#### [PROBLEM]
Give the data below again exactly as it stands. Omit the pictures.

--- DATA SECTION ---

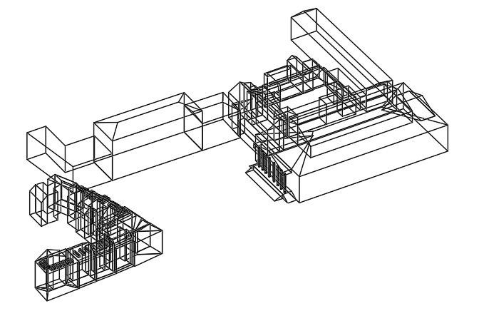 2D-Drahtkörper Von den Seitenflächen bzw. Netzen sind nur die Kanten des Objektes zu erkennen. Außerdem kann man durch die Seiten hindurchschauen. Dieser Anzeigestil erfordert wenig Rechenleistung und ist ideal, wenn man sich in großen Stadtmodellen bewegen möchte, um eine gewünschte Perspektive zu finden. |
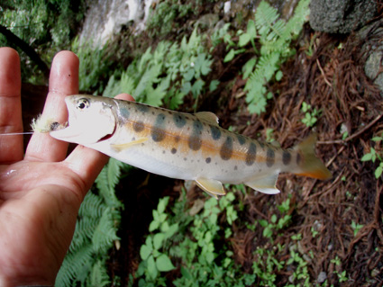 ![]() 雨上がりの渓流 可愛い花ですね! 猪苗代町にある○田川に出かけました 雨上がりの沢は渓流釣りに最適と林道を進み目的地に着くと、なんと先客が・・・・ 仕方なく先に進みます・・・ん〜〜 ・・・またしても・・・・2台目の車が・・・沢には釣り人・・・撃沈です まさかここから先にはと思いきや・・・ギャハハ・・・上にも・・・・ダメだ〜 最後の手段と枝沢に入りました 本流から外れると小物が多いですね・・・リリース物が悪戯いたします 平日にも係わらず釣り人が多いのは何でか・・・? その中の一人がSeiでした・・・(笑) ![]() 最初に釣れたヤマメ ![]() 何でヤマメが出るの・・・・? ![]() 渓流のお花さん ![]() 今日のイワナ&ヤマメは小ぶりです ![]() 釣り上げた合計は9匹でした 戻る |
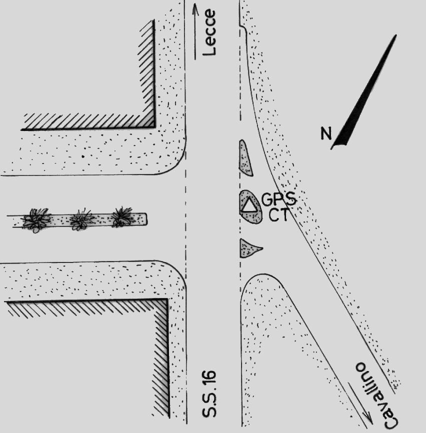| materializzazione | Centrino del tipo "GPS C" infisso nella soletta in cemento della fognatura nell'aiuola centrale esistente all'incrocio fra la S.S.16 e la strada per Cavallino. |
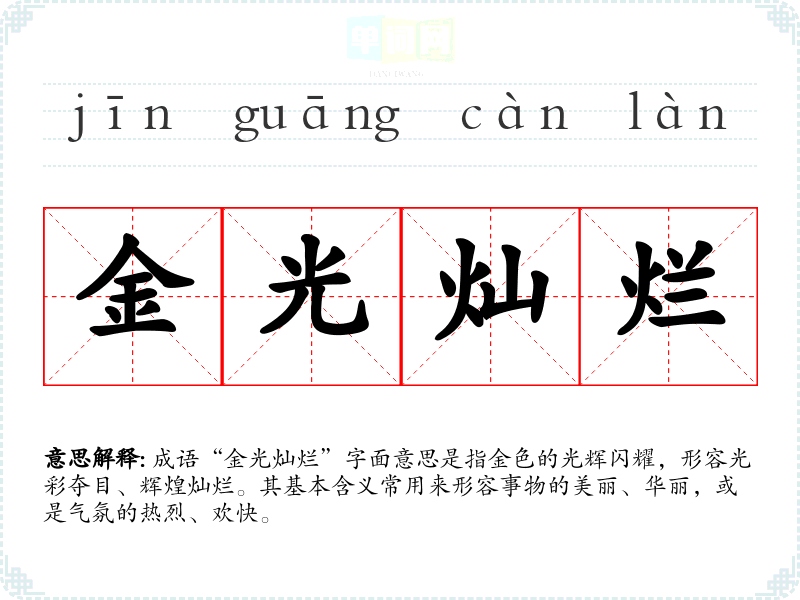 在**文化中,金色象征着财富、繁荣和幸福,因此“金光灿烂”不仅可以用来描述外在的美,还可以引申为内在的富裕和幸福感。在现代社会中,这个成语仍然适用,常用于形容成功、喜庆等场合,传递积极向上的情感。

---

#### [EXERCISE SOLUTION]
 2D-Drahtkörper Von den Seitenflächen bzw. Netzen sind nur die Kanten des Objektes zu erkennen. Außerdem kann man durch die Seiten hindurchschauen. Dieser Anzeigestil erfordert wenig Rechenleistung und ist ideal, wenn man sich in großen Stadtmodellen bewegen möchte, um eine gewünschte Perspektive zu finden. |
 ![]() 雨上がりの渓流 可愛い花ですね! 猪苗代町にある○田川に出かけました 雨上がりの沢は渓流釣りに最適と林道を進み目的地に着くと、なんと先客が・・・・ 仕方なく先に進みます・・・ん〜〜 ・・・またしても・・・・2台目の車が・・・沢には釣り人・・・撃沈です まさかここから先にはと思いきや・・・ギャハハ・・・上にも・・・・ダメだ〜 最後の手段と枝沢に入りました 本流から外れると小物が多いですね・・・リリース物が悪戯いたします 平日にも係わらず釣り人が多いのは何でか・・・? その中の一人がSeiでした・・・(笑) ![]() 最初に釣れたヤマメ ![]() 何でヤマメが出るの・・・・? ![]() 渓流のお花さん ![]() 今日のイワナ&ヤマメは小ぶりです ![]() 釣り上げた合計は9匹でした 戻る |
| materializzazione | Centrino del tipo "GPS C" infisso nella soletta in cemento della fognatura nell'aiuola centrale esistente all'incrocio fra la S.S.16 e la strada per Cavallino. |
 在**文化中,金色象征着财富、繁荣和幸福,因此“金光灿烂”不仅可以用来描述外在的美,还可以引申为内在的富裕和幸福感。在现代社会中,这个成语仍然适用,常用于形容成功、喜庆等场合,传递积极向上的情感。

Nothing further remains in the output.